Well, I arrived in Arequipa at 7am this morning - you can imagine how I was enjoying my taxi ride at 345am.

But first, let me tell you about Lima (it's a dreary town). Thank God Magali Urbina was there to pick me up at the airport and drag me around for a week. It had good and bad points. It was kind of like visiting a family member (apologies to the family)... okay, we're almost ready, oh, have to get the dog, oh, have to get the niece and nephew, oh, now I'm tired, let's watch a novela on tv.

On the other hand, I got a personal tour of Lima. For those of you who know Luis, I have so much scoop about his entire life but I'll save it for my return. I did visit his house and met his three boys, plus his two daughters. The only kid I haven't met is the son in the US. One day we went to the ritzy area of town where Magali's aunt lives. It was like being in an Isabel Allende novel, the type of house you imagine when she talks about the rich S.A. families.

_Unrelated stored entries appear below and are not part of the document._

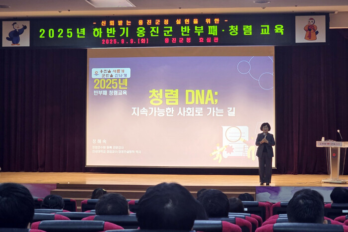 [인천=문찬식 기자] 인천 옹진군(군수 문경복)은 지난 9일, 군청 효심관에서 전 직원을 대상으로‘2025년 하반기 반부패·청렴교육’을 실시했다고 밝혔다.
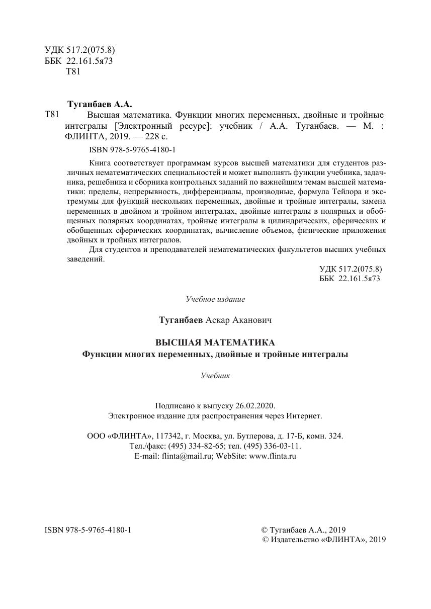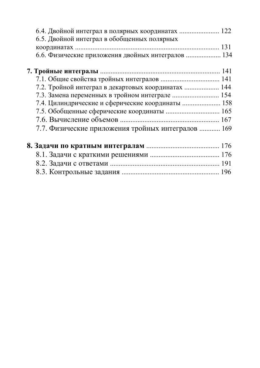 Книга соответствует программам курсов высшей математики для студентов различных нематематических специальностей и может выполнять функции учебника, задачника, решебника и сборника контрольных заданий по важнейшим темам высшей математики: пределы, непрерывность, дифференциалы, производные, формула Тейлора и экстремумы для функций нескольких переменных, двойные и тройные интегралы, замена переменных в двойном и тройном интегралах, двойные интегралы в полярных и обобщенных полярных координатах, тройные интегралы в цилиндрических, сферических и обобщенных сферических координатах, вычисление объемов, физические приложения двойных и тройных интегралов.
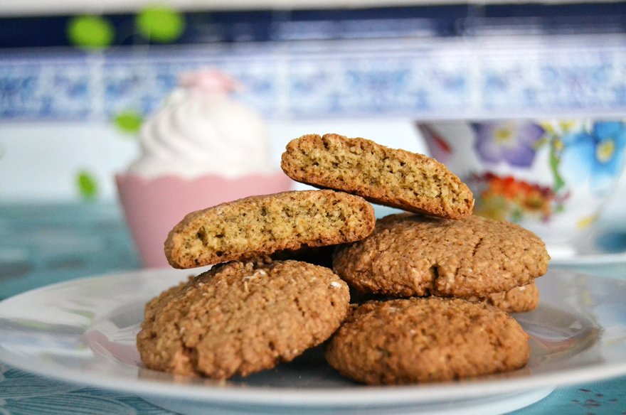 Batir el azúcar con el huevo, incorporar el aceite, la vainilla o ralladura de naranja. Agregar la harina de arroz, avena triturada y entera, el bicarbonato y la sal. Unir todo, agregar los frutos secos y la leche vegetal hasta conseguir una consistencia pesada, homogénea y manejable con las manos. Formar bolitas y aplastarlas en la misma bandeja forrada con papel de horno. Hornear a 180 grados de 15 a 20 minutos, dependiendo de tu horno. Hasta que estén doraditas, no tanto. Función arriba y abajo, sin ventilador. Dejar enfriar en una rejilla, una vez bien frías guardar en un frasco.
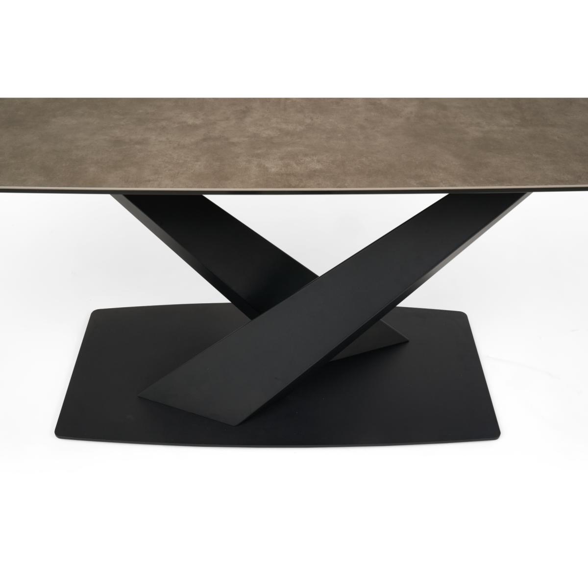 Complete with a stunning black metal base in a crossed design this dining set is sure to wow guests
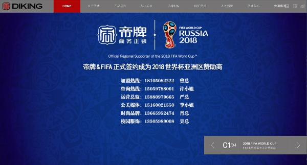 6月7日,距离世界杯开幕仅剩一周,最后一家亚洲区域赞助商“压哨”进场——国际足联当天宣布,帝牌(国际)有限公司正式成为俄罗斯世界杯亚洲区域赞助商,同时是全球首家商务正装品类的世界杯赞助商。

The most interesting thing I did in Lima was eat. I've tried ceviche (raw fish, which somehow, through the power of soaking in lemon juice becomes cooked), anticuchos de corazon (yeah, grilled cow hearts - I was too busy freaking out to enjoy it) granadilla (a harmless looking orange fruit, which, when opened contains a slimy green ball filled with seeds that you are just supposed to suck on down - it is the closest thing to phlegm I have ever eaten) chirimoya (and indescribable but tasty fruit), the list goes on.

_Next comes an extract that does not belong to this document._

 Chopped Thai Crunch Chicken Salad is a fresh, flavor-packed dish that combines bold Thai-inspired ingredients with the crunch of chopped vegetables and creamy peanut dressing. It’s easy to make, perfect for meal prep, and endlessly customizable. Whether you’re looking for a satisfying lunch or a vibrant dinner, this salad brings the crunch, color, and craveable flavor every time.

I've only been here for the day but I like it. The place I'm staying (La Casa de mi Abuela) is a palace! While not the budget deal of the $5 hostel in Quito, this is $20, it is amazing. I have my own room with a private bath with HOT WATER (that's worth $15), there are gardens with tables to eat your meals and a swimming pool! I think I need to treat myself before I head to Ilo and work hard and eat bean sandwiches.

Some thoughts on traffic in S.A.:

Riding on the bus gives you an appreciation for MUNI. These buses don't have stops, you can jump on/off at any point. In Ecuador, buses only "stop" for women, if you're a man you just have to jump when it slows down. Riding in a car is like stepping into one of those video games where you are the race car driver. The lines dividing the lanes seem to be only suggested guidelines - roads that are two lanes wide often fit three cars across. To cross the street is to take your life in your hands - you are the frog and frogger has begun. You have to take streets one half at a time, the cars and buses will NOT slow down for you, you have to jump out of the way. All that said, I'm getting really good at crossing the street.

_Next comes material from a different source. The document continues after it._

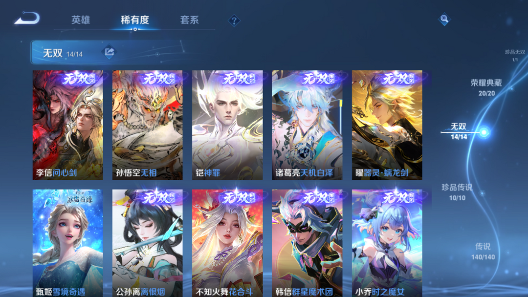 顶氪号一皮不缺❤李信新无双❤全马年限定❤满无双满传说满珍品❤满荣耀水晶6小兵
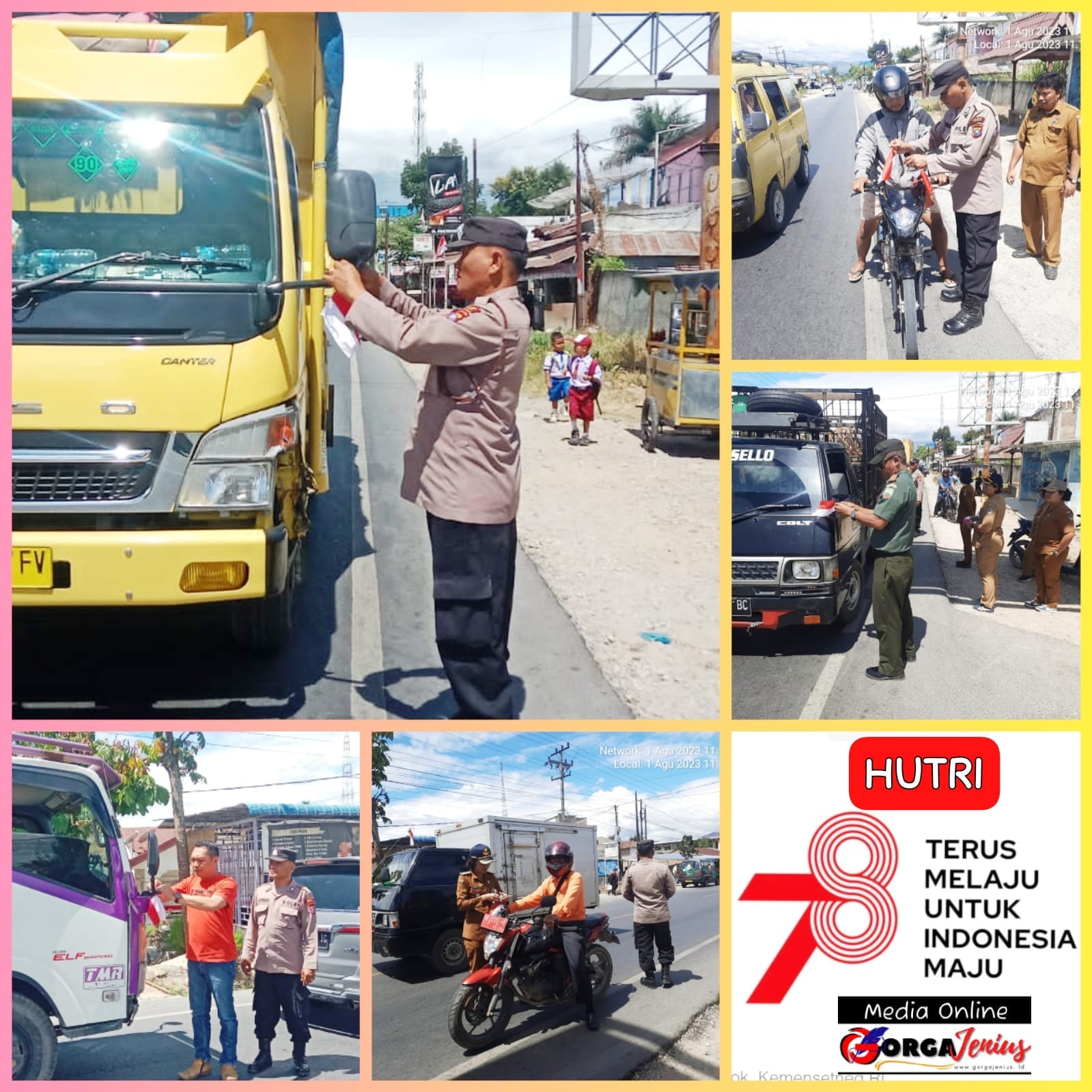 Bendera merah putih tersebut diberikan dan dipasangkan langsung oleh petugas dan unsur Forkopimca Laguboti pada kendaraan yang belum memasang bendera, Untuk ukuran bendera agak kecil dipasangkan pada spion kendaraan roda dua dan empat.

Alas, people who are reading this at work have surely gotten in trouble by now for taking too long of a break, but you know I tend to go off on tangents.

Here's the thing. I have this Yahoo account set up in Arequipa and a place I can go to check messages. I'll be here until Monday morning the 13th. If you want to reply, please reply by Sunday.


P.S. Happy belated birthdays Mom and John

Ramon - there is a sign in town for a lecture tomorrow... "Conozco a la Maestra Iluminada Suma Ching Hai" - I'm not going.

And you know what else? I'm learning crude Peruvian slang! La cagada (literally, the shit) is something you say when you mean that something is very good. Que cagada (what shit), when something is really bad. Me cago de hambre (well, I'm very hungry). You know I'm loving that. Sad, but true.